The study presents a novel, culturally relevant questionnaire validated for assessing mental health service demand and utilization.

## Key findings

- The Service Needs subscale showed high internal consistency (Cronbach’s α = 0.975).
- Exploratory factor analysis identified three key factors explaining 82.716% of the variance.
- The questionnaire demonstrated strong validity and reliability in its target populations.

## Abstract

As the global burden of mental health issues continues to grow, significant gaps persist in assessing the demand for and utilization of mental health services, particularly among vulnerable populations such as adolescents and older adults. Existing assessment tools often lack cultural and policy relevance, limiting their applicability across diverse social, political, and medical contexts. Guided by a revised Demand and Utilization Framework for Mental Health Services (R-MUSDU), this study aimed to develop and validate a comprehensive Mental Health Service Demand and Utilization Questionnaire (MHSDUQ). The instrument incorporates contextual, individual, and service-related factors to provide a more accurate evaluation of both service needs and patterns of utilization.

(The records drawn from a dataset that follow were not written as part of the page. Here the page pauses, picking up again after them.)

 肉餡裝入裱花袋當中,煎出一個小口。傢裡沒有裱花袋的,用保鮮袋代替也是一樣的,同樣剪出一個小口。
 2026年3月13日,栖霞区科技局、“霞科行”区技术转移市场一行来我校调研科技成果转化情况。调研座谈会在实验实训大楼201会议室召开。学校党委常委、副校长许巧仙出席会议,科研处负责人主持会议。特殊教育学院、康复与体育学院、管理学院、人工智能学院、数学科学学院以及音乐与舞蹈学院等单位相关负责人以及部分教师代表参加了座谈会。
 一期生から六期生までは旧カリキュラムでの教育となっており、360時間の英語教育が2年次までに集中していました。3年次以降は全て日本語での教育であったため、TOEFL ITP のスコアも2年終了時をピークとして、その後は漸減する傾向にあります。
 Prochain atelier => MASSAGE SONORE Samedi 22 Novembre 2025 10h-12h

The questionnaire was developed based on the R-MUSDU framework. Initial items were generated through literature clustering analysis (n = 4,864), policy document analysis (n = 8), and qualitative interviews (n = 17), and were subsequently refined via transparent expert consultation (n = 18) and a pilot survey (n = 60). This study was conducted from May to August 2025 across general hospitals, specialized hospitals, communities, and secondary schools in six provincial-level regions in China. Due to limited data variability in the service utilization section, reliability and validity were assessed specifically for the Service Needs subscale using data from the final sample of 755 participants.

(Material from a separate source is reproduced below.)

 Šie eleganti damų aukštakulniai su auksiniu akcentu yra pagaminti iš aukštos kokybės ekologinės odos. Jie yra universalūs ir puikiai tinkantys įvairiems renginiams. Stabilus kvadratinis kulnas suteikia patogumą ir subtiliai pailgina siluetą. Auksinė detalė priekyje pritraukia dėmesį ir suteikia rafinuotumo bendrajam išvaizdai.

The Service Needs subscale demonstrated high internal consistency (Cronbach’s α = 0.975). All items showed significant discriminant values (CR > 3.000, p < 0.01) and strong item-total correlations (ranging from 0.765 to 0.914). The exploratory factor analysis (EFA) yielded three factors (attitudinal characteristics, enabling factors, and need factors) comprising 22 items, which collectively accounted for 82.716% of the total variance. Confirmatory factor analysis (CFA) indicated that the modified model fit the data well.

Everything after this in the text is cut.